- [What to do]
In the records below, find the line that contains "YUV 132.688,10.014,8.167 Color" and the line that contains "集合場所は「川の駅・上野」にある上野村産業情報センター総合案内所です。"; write out exactly those two lines and everything between them, without the pictures.

- [Given records]
*** Begin section ***

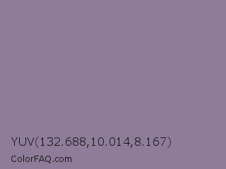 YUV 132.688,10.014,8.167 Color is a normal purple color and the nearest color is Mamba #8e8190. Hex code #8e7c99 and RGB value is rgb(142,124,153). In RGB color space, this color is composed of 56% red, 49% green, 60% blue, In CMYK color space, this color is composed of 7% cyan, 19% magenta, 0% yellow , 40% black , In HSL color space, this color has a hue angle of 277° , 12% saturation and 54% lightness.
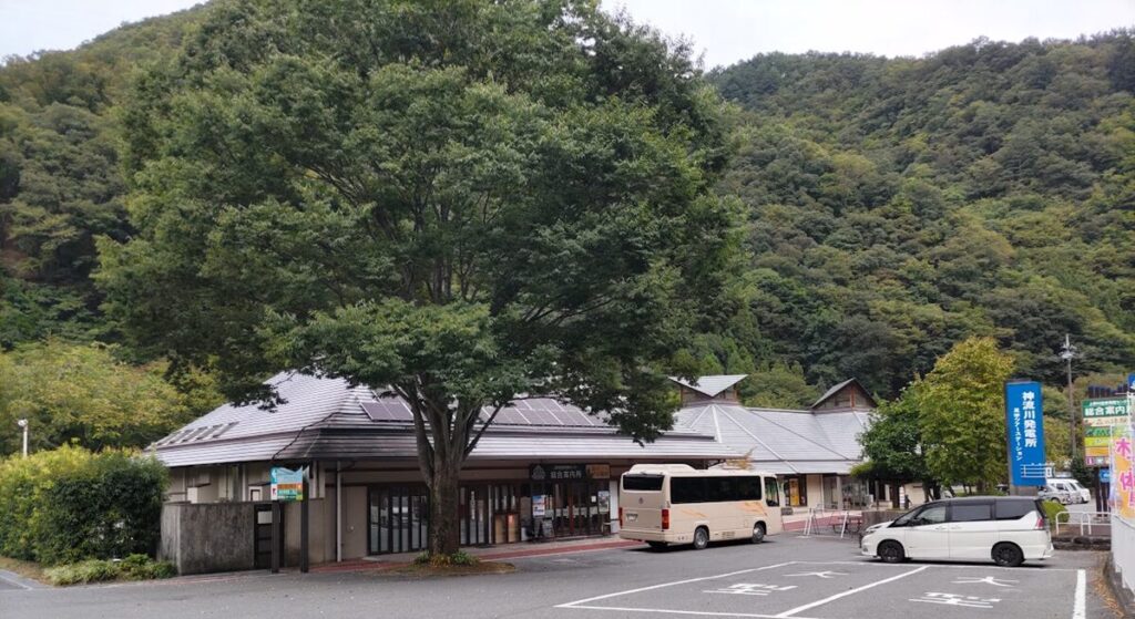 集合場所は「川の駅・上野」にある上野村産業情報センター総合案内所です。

*** End section ***
*** Begin section ***

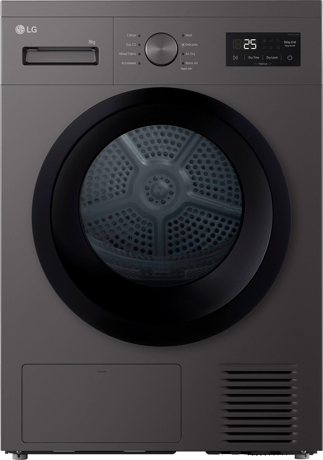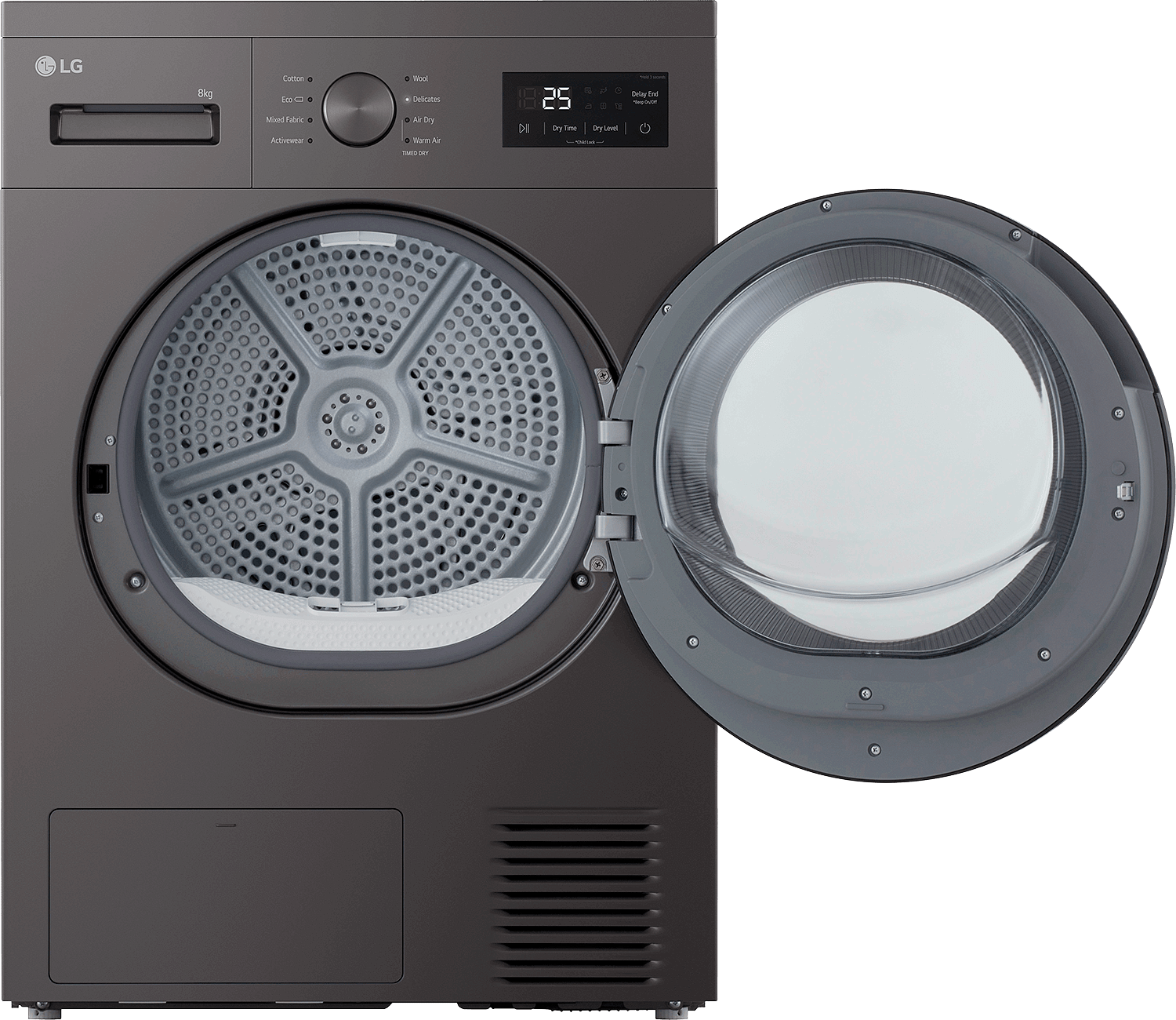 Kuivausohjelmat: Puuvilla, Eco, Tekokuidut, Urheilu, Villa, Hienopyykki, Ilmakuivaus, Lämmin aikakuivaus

*** End section ***

- [Exercise output]
 YUV 132.688,10.014,8.167 Color is a normal purple color and the nearest color is Mamba #8e8190. Hex code #8e7c99 and RGB value is rgb(142,124,153). In RGB color space, this color is composed of 56% red, 49% green, 60% blue, In CMYK color space, this color is composed of 7% cyan, 19% magenta, 0% yellow , 40% black , In HSL color space, this color has a hue angle of 277° , 12% saturation and 54% lightness.
 集合場所は「川の駅・上野」にある上野村産業情報センター総合案内所です。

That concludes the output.